It’s good to be gay, at least on TikTok, where hetero-boys are not only pretending to be gay, but doing gay acts, such as grinding against each other in hotel rooms, while likes, complemented by tens of thousands of comments that go from “hawwt” to “slide into my DM maybe,” pile up in the millions with every pretend kiss, fake hug, or mock cuddle. Queerbait, which isn’t offensive per se, but all that for likes, especially since social media engagements are often monetized? BTW, BL or boys’ love is also now becoming a genre of its own, whether as a book or as a film or as a series on Netflix, sometimes starring straight actors playing the leads. I admit, though, that we are splitting hairs here.
Not that it’s bad to be gay, but given how all these decades the LGBTQ+ community has been fighting for equality, not to mention basic rights, such as job opportunities or equal pay or even mere recognition, it’s no easy life either.
From any angle, especially from the point of view of older generations, these gay charades on TikTok and other social media platforms, which rose to a feverish pitch last year, in the middle of the pandemic, may seem to sort of trivialize the LGBTQ+ struggle. They might seem to make little of the plight or the fight of the likes of Matt Shepard, Sylvia Rivera, Harvey Milk, Edith Windsor, even Josephine Baker, or, closer to home, Gregorio Lampino and, lately, Gretchen Diez, whether he or she—or they—ended up a victim or a victor.

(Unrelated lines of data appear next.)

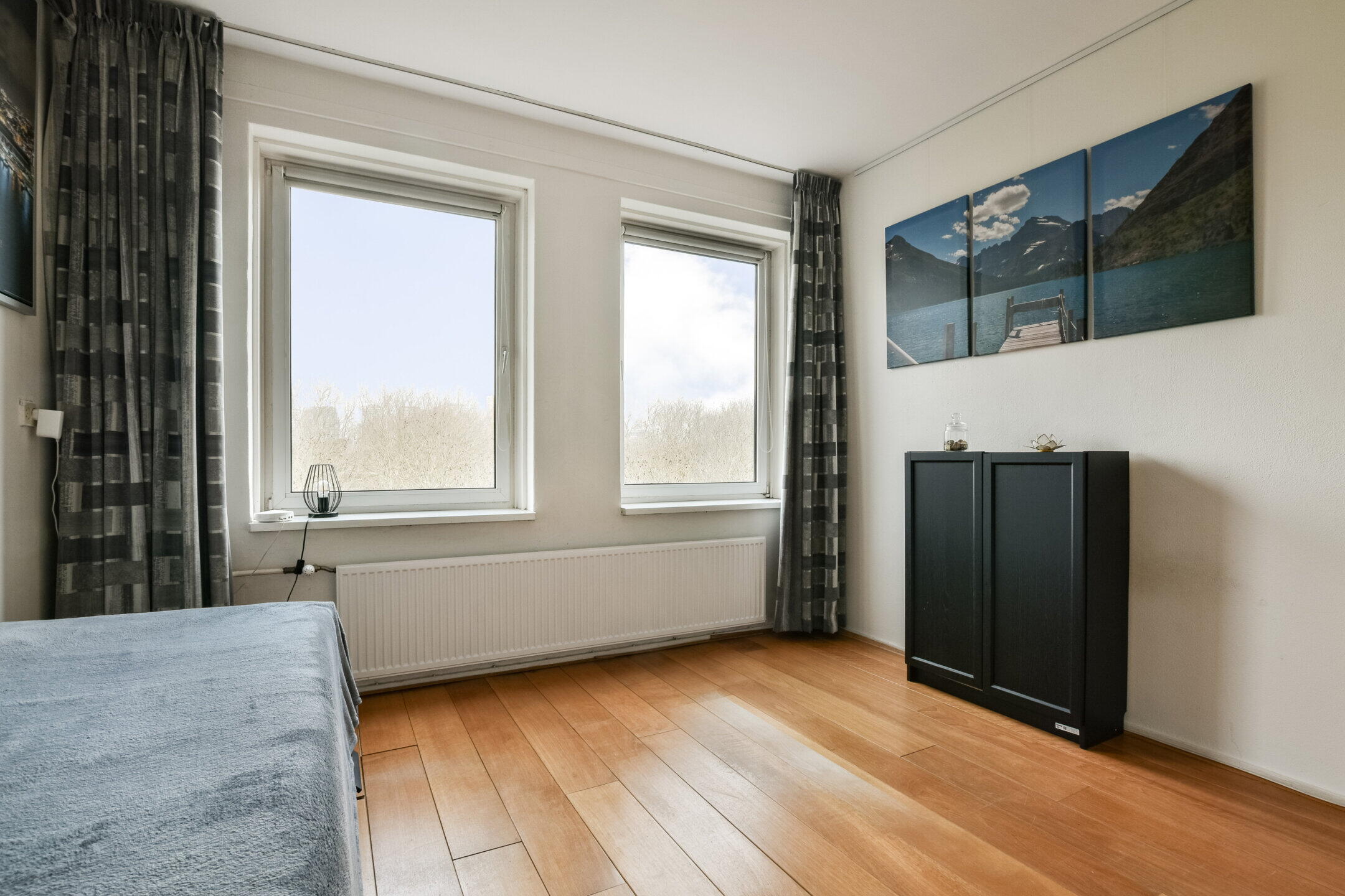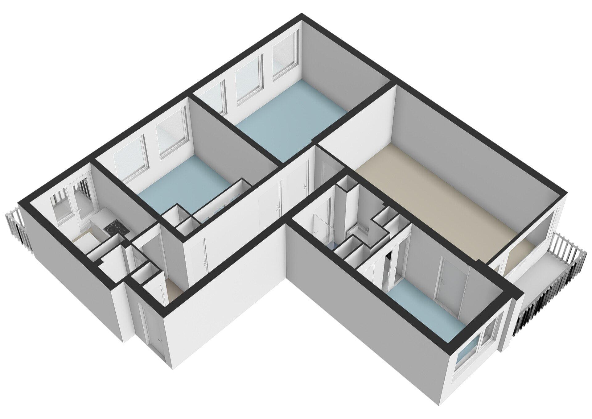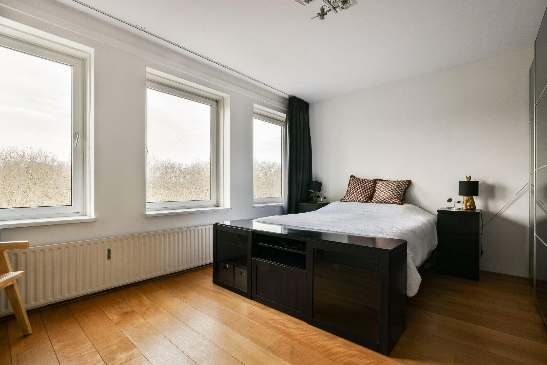 Het appartement beschikt over drie goed bemeten slaapkamers. De hoofdslaapkamer is royaal van formaat en biedt ruimte voor een groot bed en kastenwand. De tweede slaapkamer is eveneens ruim en geschikt als slaap-, werk- of logeerkamer. De derde slaapkamer is ideaal als thuiswerkplek of kinderkamer.
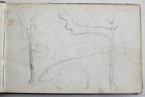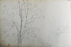 Skizzenbuchseite mit Baumstudien
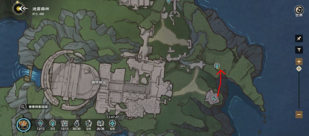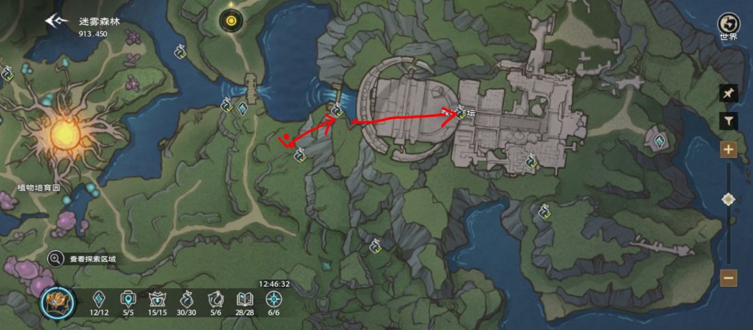 森林祭坛顶上的两个收集不能从正面搭梯子,看红线标记后山起点延伸过去。瀑布顶收集看红线可以一路跳过去不用搭梯子。拍照在传送点延伸到山顶。
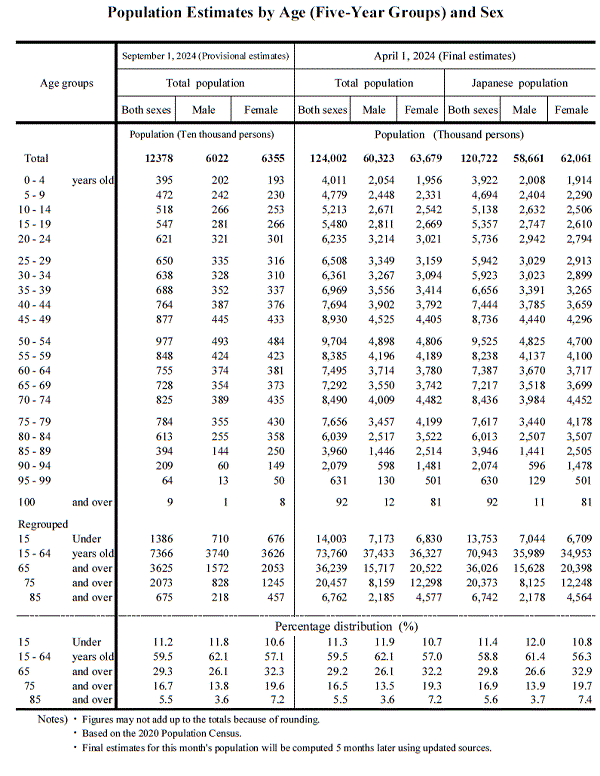 2024년 4월 1일 기준으로 일본의 내국인 인구는 1억 2072만명

The operative word, in the preceding paragraph, is seem because, to be honest, in my time, the slightest indication of nonconformist gender would be tantamount to social suicide. So now it can be a shock that such public displays of affection for the same sex are so widely popular or viral. Whether it is queerbait or not, these TikTok posts are helping bring a lot of stuff out of the closet, granted that, at least according to the top boys-pretending-to-be-gay TikTokers, like 17-year-old Connor Robinson from Cumbria in North West England, majority of the followers of this kind of accounts in this video-sharing social networking service are females (90 percent!), who just find it cute for boys to be so cuddly together.
It’s possible that fluidity is the game now and this type of sexual identity experimentation and gender ambiguity are an expression of that—the new teen rebellion brought about by hormonal surges and natural curiosity. After all, no kid of the current or coming generation is going to grow up in a binary environment anymore now that same-sex marriages have been legalized in many places, and the old, misleading birds-and-bees take on sex between people is only one of many combinations. Watch any teen show on Netflix or Amazon Prime and you’ll see an entire alphabet of sexual identities, orientations, and preferences. When my nieces were eight and five, I overheard them having a sisterly conversation, where the older one told her younger sister, “Some boys like boys and some girls like girls. It’s not always boys liking girls and girls liking boys. It’s not like that, you know.”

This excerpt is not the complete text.